From Blood and Thunder: The Epic Story of Kit Carson and the Conquest of the American West, by Hampton Sides (Anchor, 2007), Kindle Loc. 5803-5820, 7087-7098:

The enslavement of captured Indians was an old convention in New Mexico—as was peonage, another form of servitude in which poor, usually Hispanic workers became indebted to wealthy estate owners. Peonage was a kind of feudal arrangement that kept the landed class rich while the majority of the citizens, illiterate and powerless to improve themselves, stayed mired in a financial misery from which they could rarely escape. William Davis, who as the United States attorney for the territory made a close study of the practice in the 1850s, thought that peonage was “in truth but a more charming name for a species of slavery as abject and oppressive as any found upon the American continent.”

Neither Carson nor the better-off New Mexicans he lived among had shown moral qualms about slavery. In fact, the people of the southern part of the New Mexico Territory had, in 1861, seceded from the Union to create their own Confederate state, which they called Arizona. Centered around the towns of Tucson and Mesilla, the population was composed largely of Hispanic landowners who farmed along the Rio Grande, and Anglo Texan transplants who’d moved farther west to try their hand at ranching or mining. (Kit’s own brother, Moses Carson, was now a settler living in Mesilla.) Arizonans vigorously cast their loyalty to Richmond and hoped their New Mexico brethren to the north would eventually come over to the Rebel side. The new territory of Arizona was governed by a bold, ruthless man named John Baylor, who sought to import Southern-style Negro slavery while simultaneously pursuing a stated policy of “exterminating all Apaches and other hostile Indians.” (Among the more sordid outrages in his career, Baylor was once charged with killing sixty Indians by giving them a sack of poisoned flour.)

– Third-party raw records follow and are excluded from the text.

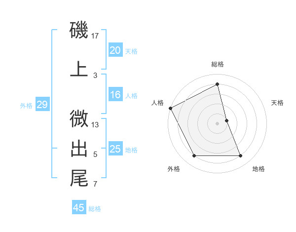 磯上 微出尾さんを姓名の画数から五運を鑑定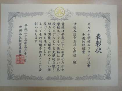 玉川小学校の環境委員会が中心になって今年取り組んできた「エコ アクション5」運動などが、世田谷教育委員会から認められ、写真のような表彰状をいただきました。今日の全校朝会で、環境委員会の委員長に代表で受け取ってもらいました。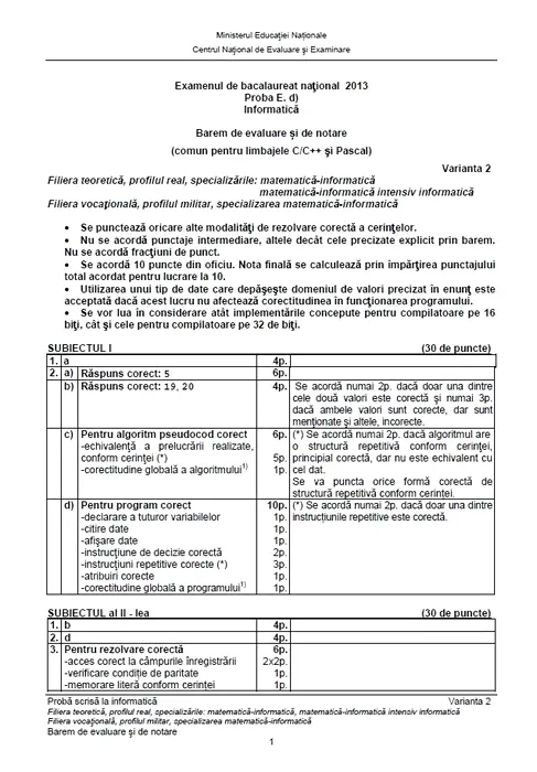 BAREM BAC 2013 INFORMATICĂ. Baremele de corectare pentru subiectele la proba de informatică la bacalaureat 2013

Many of the army soldiers who lived in the New Mexico Territory were Southerners. Sibley wasn’t the only one who had left the U.S. Army at the first word of war—fully half the officers in the territory had quit New Mexico to fight for the Confederate cause. Officers could resign, but enlisted men in the lower echelons of the department could not without facing charges of desertion (punishable, in some cases, by death). So the ranks of Canby’s army on the Rio Grande were sprinkled with regulars who hailed from Southern states—men whose loyalty and motivation he understandably did not trust.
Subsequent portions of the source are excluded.